GIVEN MATERIAL |
• • • • • • •

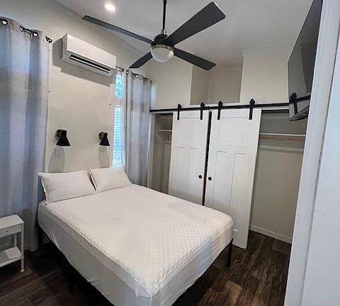 Charming Tiny Home for Lease Windmill RV Ranch, Bertram TX Enjoy peaceful Hill Country living in this cozy tiny home located in the gated community of Windmill RV Ranch. Rent includes high-speed internet, water, and sewer tenant only pays for electric usage. Just steps away from the community clubhouse, you'll have access to a laundry room, community room, and pool table, along with regularly planned resident activities that make this neighborhood feel like home. Windmill RV Ranch offers beautifully maintained walking trails, mature trees, and a fenced dog park, providing the perfect balance of comfort and outdoor enjoyment. Conveniently located near Highway 29, you'll have easy access to Liberty Hill, Bertram, and the surrounding Hill Country ideal for those seeking a quiet retreat with a quick commute. This is an affordable, well-kept, and community-oriented living option perfect for anyone looking to simplify and enjoy the best of small-space living in a scenic setting.
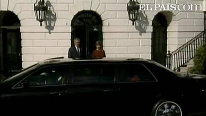 El presidente saliente y la primera dama, Laura Bush, recibieron al matrimonio Obama con sonrisas y apretones de manos cuando se bajaban de su limusina. Sus dos hijas pequeñas, Malia, de 10 años, y Sasha, de 7, se quedaron en Chicago para ir al colegio, donde las ha despedido con un beso su padre esta mañana.
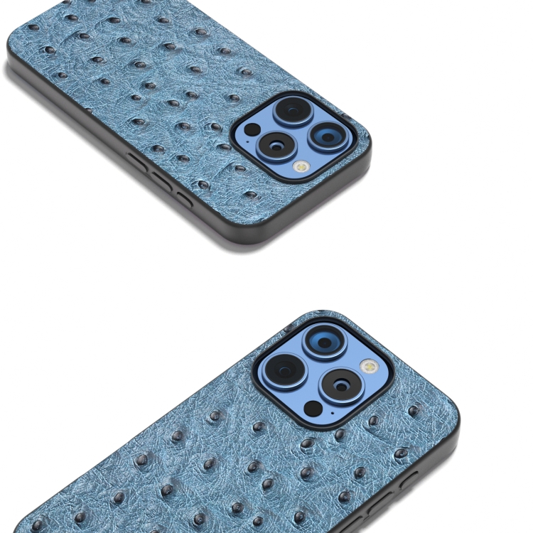 Funda para Teléfono Abeel iPhone 16 Pro Max Textura Avestruz Cuero Genuino (Azul)
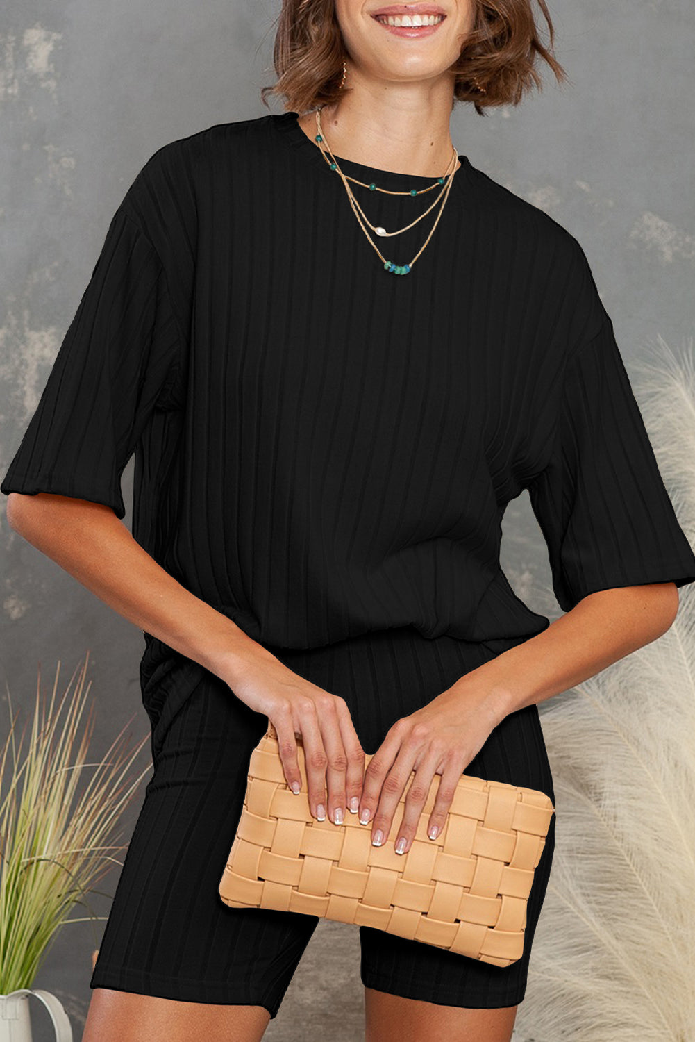 Gray Ribbed Knit Drop Shoulder T Shirt & Shorts Two Piece Shorts Sets

• • • • • • •

PROBLEM TO WORK ON |
Write out exactly the lines from the one that contains "Funda para Teléfono" through the last line of the data above, both included. Leave every picture out.

WRITTEN SOLUTION |
 Funda para Teléfono Abeel iPhone 16 Pro Max Textura Avestruz Cuero Genuino (Azul)
 Gray Ribbed Knit Drop Shoulder T Shirt & Shorts Two Piece Shorts Sets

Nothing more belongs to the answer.